As taps are running dry, it has triggered another major problems. As per reports, techies are now requesting their employers to grant them a work-from-home status to avoid the situation in the city. Several tech employees have expressed their desires to go back to their native places and work till the current situation is resolved. Bengaluru has over a million people working in the IT sector, who are employed by top IT MNCs like IBM, TCS, Infosys, Accenture, Cisco, Oracle and others.
Pondering over the issue, T Dey, an IT employee residing in HSR Layout, told Connected to India: “The situation isn’t out of control over here at the moment. But if we don’t get water, I’ll have to pack my bags and head home. There’s no alternative.”
Some have already purchased their tickets or have left Bengaluru, making plans to return during the monsoons. Ironically, in 2022, the monsoon left a major part of Bengaluru flooded, exposing the tech hub’s poor drainage system.
Local residents and industry have now started to blame the severe water shortage on rapid urbanisation without proper planning, unequal and improper distribution, poor water management and negligence by local authorities.

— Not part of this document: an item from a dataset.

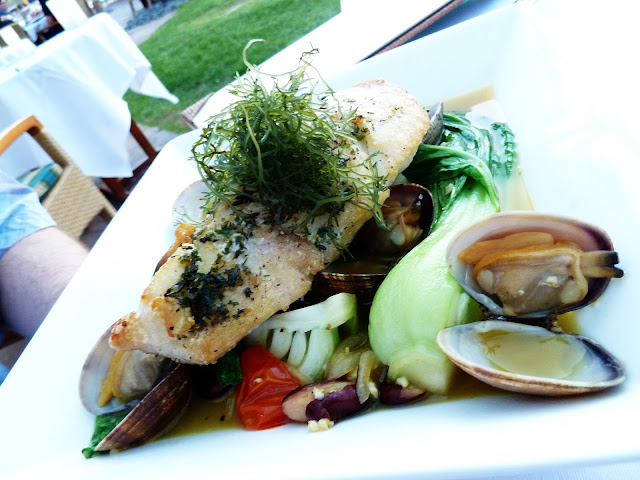 When we were in Oahu with Jenny and Sean a couple of years back we found a koa & silver ring that Alan really loved as a replacement for his wedding band that wasn't exactly comfortable on his finger. He wore it for several months until his hands grew from rock climbing and it too was no longer comfortable. Since then every time we're in the islands we look for a replacement koa ring. While at the King's Shoppes we found a store dedicated to koa products and found that they sold titanium and koa rings - the exact perfect combination for Alan. Unfortunately the one that fit best didn't have the best looking wood grain so in the end we decided to skip it. We also searched for a new bathing suit top for me to no avail and stopped to eat lunch at Island Fish & Chips, overlooking the lake. The reviews for the fish & chips place on Yelp are somewhat mixed - either people love it or they absolutely hate it. We're in the love category - the fish portions were large & thick, and the meat was tender and juicy. You could also tell that you were getting fresh fish, not something that had been frozen for months before making its way to your plate.

According to a report by The Print quoting an IISc study, “over the past five decades, 93 percent of the city [Bengaluru] has lost its lake and forest cover to concrete and construction. There has been a 79 percent loss in water cover and 88 percent loss in forest cover while constructions have increased by over 1,000 percent”.
The crisis has reduced water availability to half day now, local residents told PTI.
Speaking to Connected to India, A Dasgupta, a tech employee residing in Electronic City Phase 2, said, “The situation is grim. The flat owner sent us a text asking us to reduce water consumption till the situation gets normal.” Dasgupta said that one of his colleagues, living in another part of the city, has to pay an extra fare for water usage, which wasn’t the case earlier.
Videos, on social media platforms, show residents struggling to get water for their basic necessities.
Founder and CEO of Matrimony.com, Murugavel Janakiraman, suggested mandatory water harvesting to solve the crisis.
The issue can be solved by taking steps towards reducing water consumption, recycling, rejuvenating and creating water bodies to increase groundwater levels, and the government facilitating water supply,” he told PTI.
With employees forced to ‘flee’, some bosses are voicing discontent.
Co-founder and CEO of Kuku FM, Lal Chand Bisu, said, “Companies have started giving work from home, as employees refuse to come to office citing water shortage. This is of course impacting operations because there is a whole new setup that needs to be done to cater to the sudden shift.”
“Prices of water tankers have more than doubled, from around Rs 2500 for a tanker earlier, to now about Rs 5,000 for the same,” Bisu told PTI.
Asked how he’s handling the water shortage, an apartment building owner in Shanthipura, Electronic City, who requested anonymity, told Connected to India that there’s nothing much that he can do except wait for the rains, and the authorities to take actions.
The government is already implementing numerous initiatives. The city’s groundwater supplies will be restored by injecting 1,300 million litres of purified water into the drying lakes per day.
After testing, the Bangalore Water Supply and Sewerage Board (BWSSB) would also build water plants with cutting-edge technology and put filter borewells next to the restored lake beds in order to deliver water, according to civic agency officials.